As for when the ghost brakes will be fixed, even Musk himself isn’t sure.

Regarding the iteration of the FSD, Musk said that he had mentioned in the “Master Plan Part II” that Tesla would need about 6 billion autonomous miles to get the autonomous driving system approved by global regulators.

As of the second quarter of this year, Tesla’s FSD beta fleet had 35 million miles on the road. Simple conversion, 0.58% of Musk’s target value has been completed.

Musk’s logic implements machine learning through Tesla’s deep neural network through a large number of marginal cases. The original image is processed through the neural network, the boundary of the target object is “pulled out”, and finally the data is compared and corrected to complete the image recognition of the machine. This process is like teaching children to recognize pictures, telling the machine whether the object is a person, a car or a street sign (the professional term is supervised learning, Supervised Learning).

At the same time, in order to speed up the “cultural level” of the machine, Tesla also launched a “shadow mode”, which allows the vehicle’s autopilot system to be turned on, and sensors detect data around the road the vehicle is driving. The driving operation is still done by humans, and the machine does not participate in the driving. However, in the process of human driving, the machine will learn the driving operation of the human, so as to achieve the optimization of the automatic driving system.

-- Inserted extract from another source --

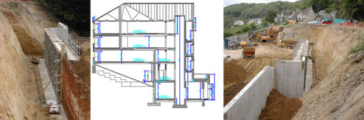 Housing development consisting of 215 houses & apartments situated on the site of a former leatherworks, therefore requiring significant remediation works. A variety of foundation techniques were adopted including: deep trench fill, pile with pre-cast tensioned groundbeam and pile with insitu groundbeam.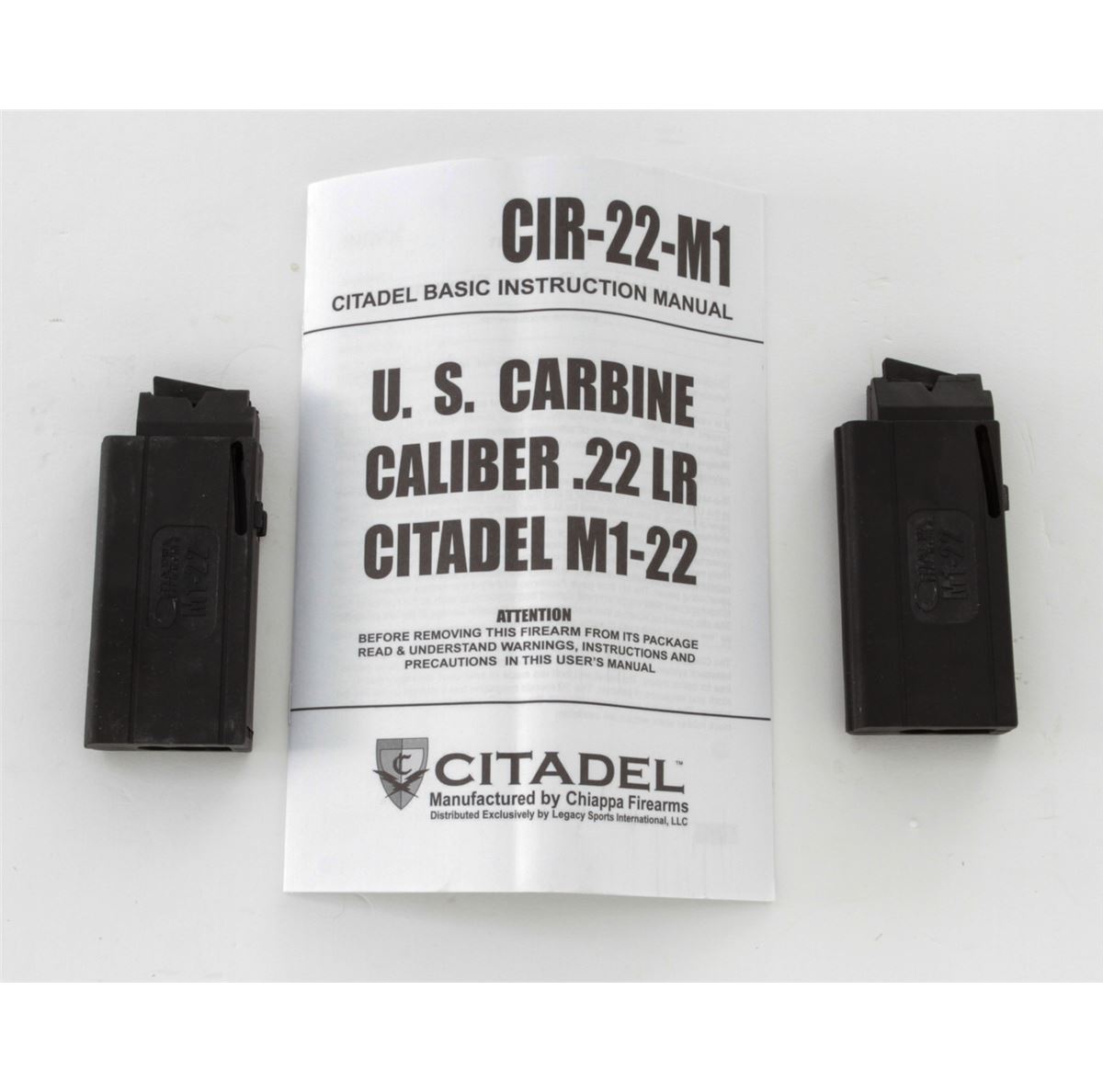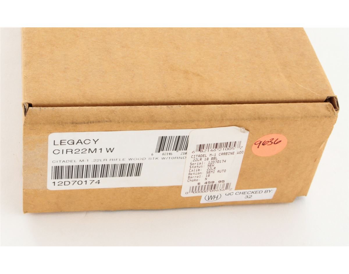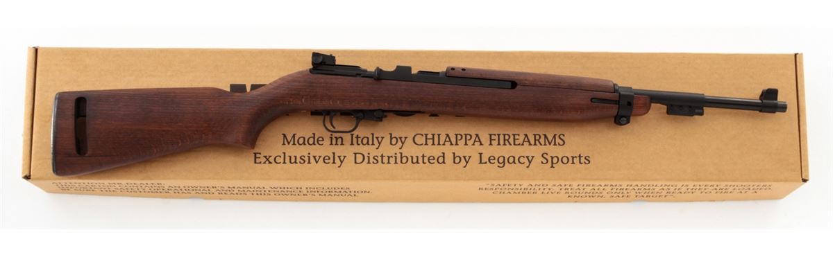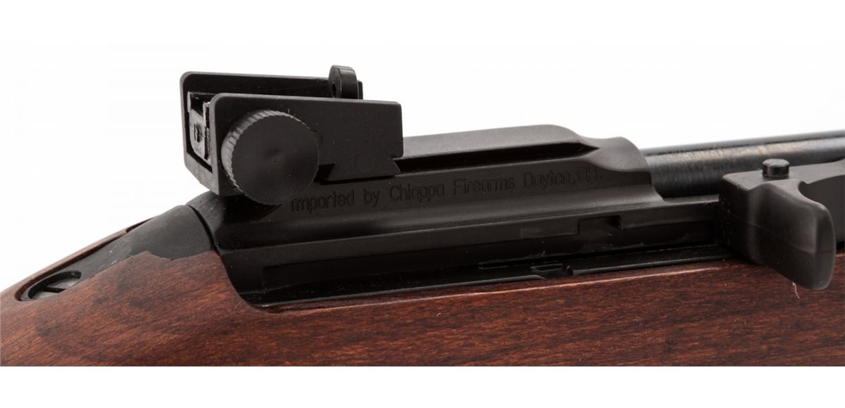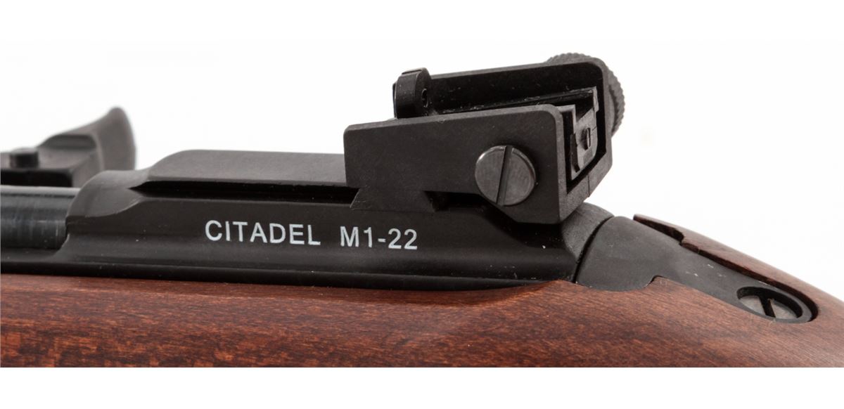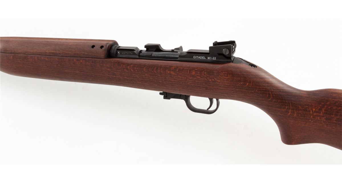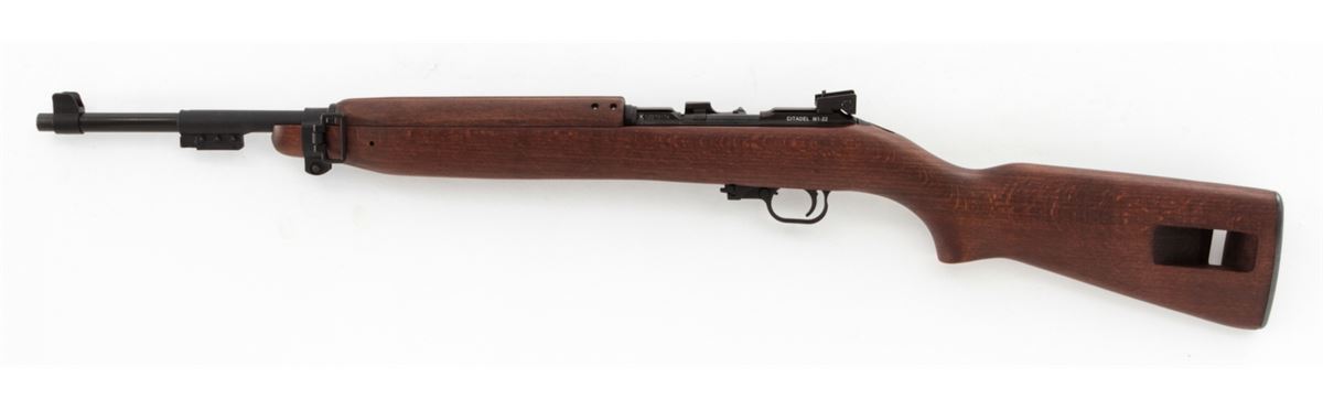Citadel Model M1-22 Semi-Automatic Rifle, #12D70174, .22 LR cal., 18'' barrel, blue finish, smooth walnut stock and handguard, adjustable rear sight, fixed front sight, synthetic bayonet lug, front sling swivel, with two (2) magazines, in box with matching end label and owner's manual. Mfg'd in Italy by Chiappa. Condition is excellent, remaining new and unfired. Retails @ $459.95. Est.: $200-$400. (Modern) (Field Time)

The marginal case is based on the capture of a large amount of road data. In fact, every Tesla driving on the road can be regarded as its test vehicle. The camera equipped with the vehicle continuously captures the road information and sends it back to the central server.

However, Tesla is facing a more serious problem at this stage – China‘s restrictions on Tesla’s usage scenarios. Due to data security considerations, many institutions and special road sections have explicitly prohibited Tesla’s entry and passage, which means that Tesla can face China‘s unique scenarios (ramps, urban takeaway vehicles, and express tricycles). A question mark is required for effective identification.